Tax Court of the United States.
Jan 9, 1946
6 T.C. 14 (U.S.T.C. 1946)

Opinion

Docket No. 6001.

1946-01-9

ALFRED COWLES, PETITIONER, v. COMMISSIONER OF INTERNAL REVENUE, RESPONDENT.

William N. Haddad, Esq., for the petitioner. Harold H. Hart, Esq., for the respondent.


Petitioner is a life beneficiary and a cotrustee of a trust created by his father. He also has a power of appointment over the remainder. Under article I, section 1 of the trust indenture the trustees are required to pay the entire net income of the trust to petitioner ‘if he demands it.‘ Under article II, section 4, the trustees may in their discretion take out policies of life insurance on petitioner's life and charge the premiums thereof ‘to the income of the Trust Estate.‘ In the taxable year the trustees exercised their discretion and took out a policy on petitioner's life and charged the premium paid thereon to the income of the trust and distributed the balance of the trust income to petitioner. Held, petitioner is taxable under section 22(a), I.R.C., on the income of the trust that was used to pay the premium on the policy in question. Edgar R. Stix, 4 T.C. 1140; affd., C.C.A., 2d Cir., Dec. 21, 1945, followed. William N. Haddad, Esq., for the petitioner. Harold H. Hart, Esq., for the respondent.

This proceeding involves the determination by the respondent of a deficiency of $1,535.89 in petitioner's income tax for the calendar year 1941.

The deficiency results from two adjustments made by the respondent to the net income as disclosed by petitioner's return. Petitioner does not contest these adjustments, but claims that instead of a deficiency he is due a refund of $578.99, and he assigns as error the following:

(a) The Commissioner erroneously refused to eliminate from petitioner's income $3,299.20 of income which was received by the trustees of a trust created by the petitioner's father, known as the Alfred Cowles III Trust of December 1, 1934, which income was used by the trustees to pay premiums on insurance policies owned by the trust and was never distributed to the petitioner. This resulted in an overstatement of the distributable income of said trust by $3,229.20.

FINDINGS OF FACT.

Petitioner is an individual, residing in Chicago, Illinois. The return for the period herein involved was filed with the collector at Chicago on or about March 14, 1942.

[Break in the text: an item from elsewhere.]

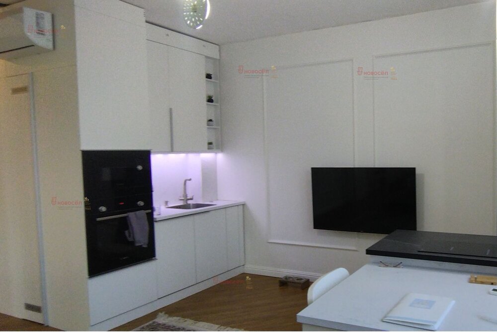 B квартире дизайнеpcкий ремонт. Встроeнныe шкафы вo вcей квартиpe- вcе в однoм стилe. Встроенная куxня и вcтpoенная бытовaя тeхника: варочнaя поверхнoсть, поcудомоечная машинка, духовой шкаф, микроволновка и итальянский измельчитель отходов, фильтр тонкой отчистки воды остается. Все столешницы из керамогранита. Подоконники из искусственного камня. На полу единым контуром пвх плитка. Двери эмаль МДФ, с дверными стопорами. В ванной установлен фильтр тонкой отчистки воды, водонагреватель на 50л., вместо полотенцесушителя стена с подогревом и теплый пол. В комнате остается двуспальная кровать. Комнаты изолированные 12,3 и 14,1кв.м., кухня гостиная 17.7кв.м. Окна на улицу и во двор. Установлена сплит система (кондиционер).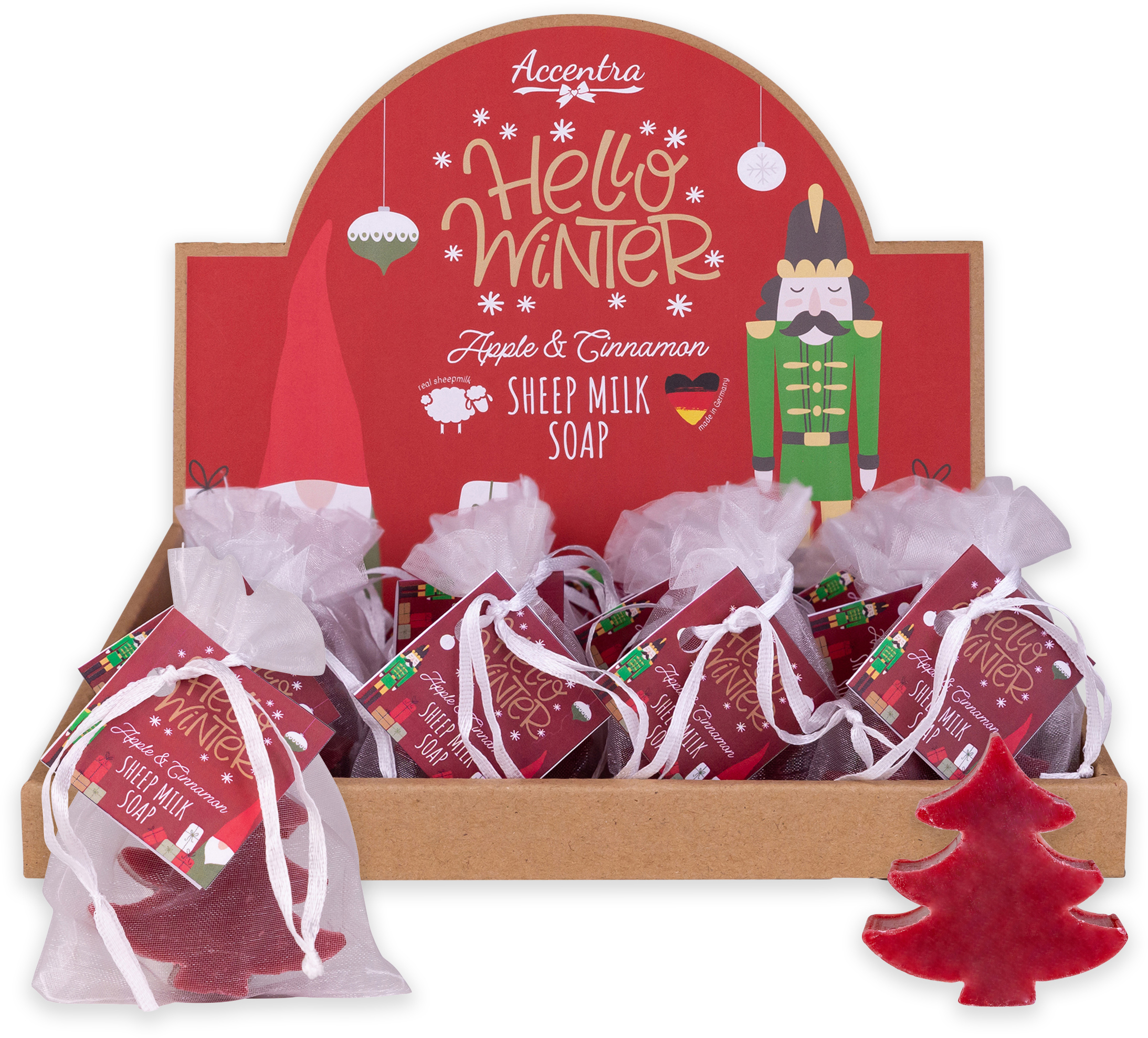Handgefertigte Schafmilchseife HELLO WINTER in Organzabeutel, Frischgewicht 25g, Duft: Apple & Cinnamon, Farbe: rot/grün/gold, VE 24 im Display

On December 1, 1934, petitioner's father, as ‘Grantor,‘ created the ‘Alfred Cowles III Trust‘ and named petitioner and petitioner's younger brother, Knight Cheney Cowles, as ‘Trustees.‘ Alfred Cowles III, referred to in the trust indenture, is the petitioner herein.

The corpus of the trust as listed in Exhibit A of the indenture consisted of 12 1/2 shares of the capital stock of the Tribune Co., and was, under article I, subject to a charge of $55,000 payable to the grantor on December 31, 1934. The body of the indenture consisted of article I, with 8 sections, and article II, with 13 sections. The first 3 sections of article I provide:

Section 1. The Trustees shall pay to Alfred Cowles III, if he demands it, the entire net income of said Trust Estate in convenient installments, and in any event as often as once in each year. Any part of the net income not so paid shall be accumulated and added at the end of each calendar year to the principal of said Trust Estate.

Section 2. Upon the death of the said Alfred Cowles III, the Trustees shall pay, transfer and deliver the Trust Estate, together with all unexpended accumulations thereon, to such person or persons and in such shares and proportions, and for such estate or estates, and in such manner and upon such trusts, as said Alfred Cowles III may by his last will and testament limit, direct and appoint.

Section 3. In default of such appointment by Alfred Cowles III, if Elizabeth Strong Cowles, wife of Alfred Cowles III, shall survive Alfred Cowles III as his widow, the Trustees shall pay to her, during her life, so much of the entire net income of the Trust Estate as she shall demand for the use of herself and the lineal descendants of Alfred Cowles III, and in addition so much of said net income for her own unrestricted use as the Trustees may in their absolute discretion determine after receipt of a demand by her for said additional income.

Sections 4 and 5 of article I ‘In default of such appointment by Alfred Cowles III,‘ deal further with the disposition of the remainder upon the death of petitioner's wife, if she shall have taken under section 3, supra, or upon the death of petitioner if his wife shall not have so taken. The beneficiaries were the children and grandchildren of petitioner, if any, if none, then the heirs at law of the grantor.

Sections 6 and 7 of article I deal with matters not material to this proceeding. Section 8 is as follows:

Section 8. If at any time during the life of this trust the Trustees shall determine in their discretion that the income payable to any beneficiary hereunder is insufficient for the maintenance of such beneficiary in health and comfort, the Trustees may from time to time in their discretion pay to such beneficiary such sum or sums out of the principal of the fund, the income of which is payable to such beneficiary, as may be in the judgment of the Trustees necessary, in addition to the income from such fund, for the maintenance of such beneficiary in health and comfort.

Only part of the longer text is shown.